Viral-host interactions in HBV Laboratory

Human hepatitis B virus (HBV) infection is a major worldwide health problem. Exposure to HBV can result in transient infection, with clearance of virus and immunity to reinfection, or chronic infection with carriage of the virus, often for the lifetime of the individual. These different outcomes are related to the dose of virus, age at the time of infection and the immune response generated towards viral antigens. Despite the availability of a HBV vaccine that protects against infection, no cures are available for chronic infection and many aspects of the disease are not understood.

Our laboratory studies the duck, woodchuck and chimpanzee models of human HBV infection using a range of in vivo (animal model), in vitro (cell culture), immunological (ELISA, immunostaining) and molecular techniques (PCR, RT PCR, southern blot and in situ hybridization).

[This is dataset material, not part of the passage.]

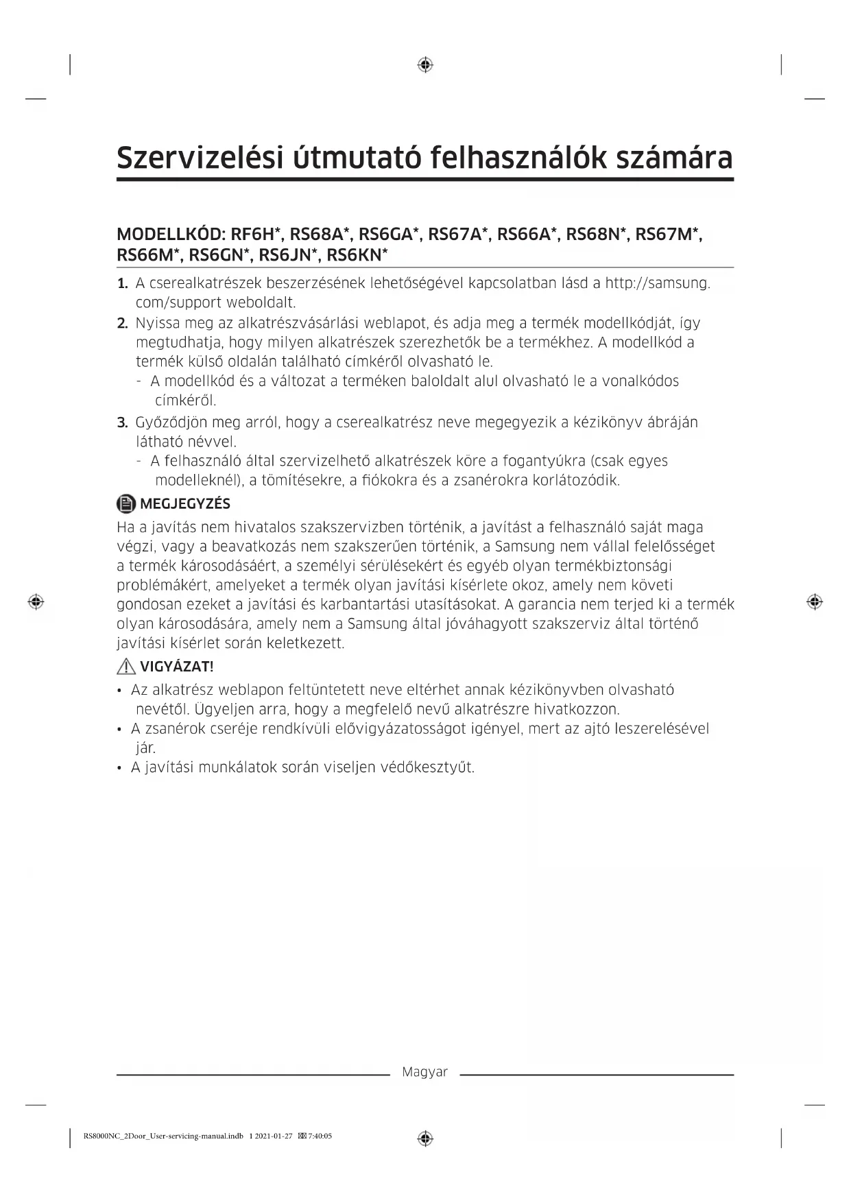 - A javítási munkálatok során viseljen védőkesztyűt. RS8000NC_2Door_User-servicing-manual.indb 1 2021-01-27 7:40:05Magyar A hűtőszekrény kinézete és kínált alkatrészeinek köre a modelltől és az országtól függően eltérő lehet.

The overall aims of our research are to understand why some individuals recover from HBV infection while others remain chronically infected. We have previously shown using Pekin ducks (Figure 1) that the outcome of Duck Hepatitis B Virus (DHBV) infection can be altered by age, dose of virus and antiviral drug treatment. We are extending this work to study the recovery phase of infection, to determine if removal of virus from the liver involves death of infected cells or if cells can be cured of infection by the action of cytokines, without cell death. We have recently determined that traces of viral DNA persist after recovery from infection and are investigating the form and activity of this viral DNA and its role in maintaining immunity to re-infection.

We are also developing therapies for treatment of chronic infections by combining antiviral drug therapy with various DNA vaccine protocols. DNA vaccine protocols include naked DNA vaccines, novel whole cell DNA vaccines and prime-boost protocols including DNA vaccine priming and boosting with recombinant fowlpox viruses.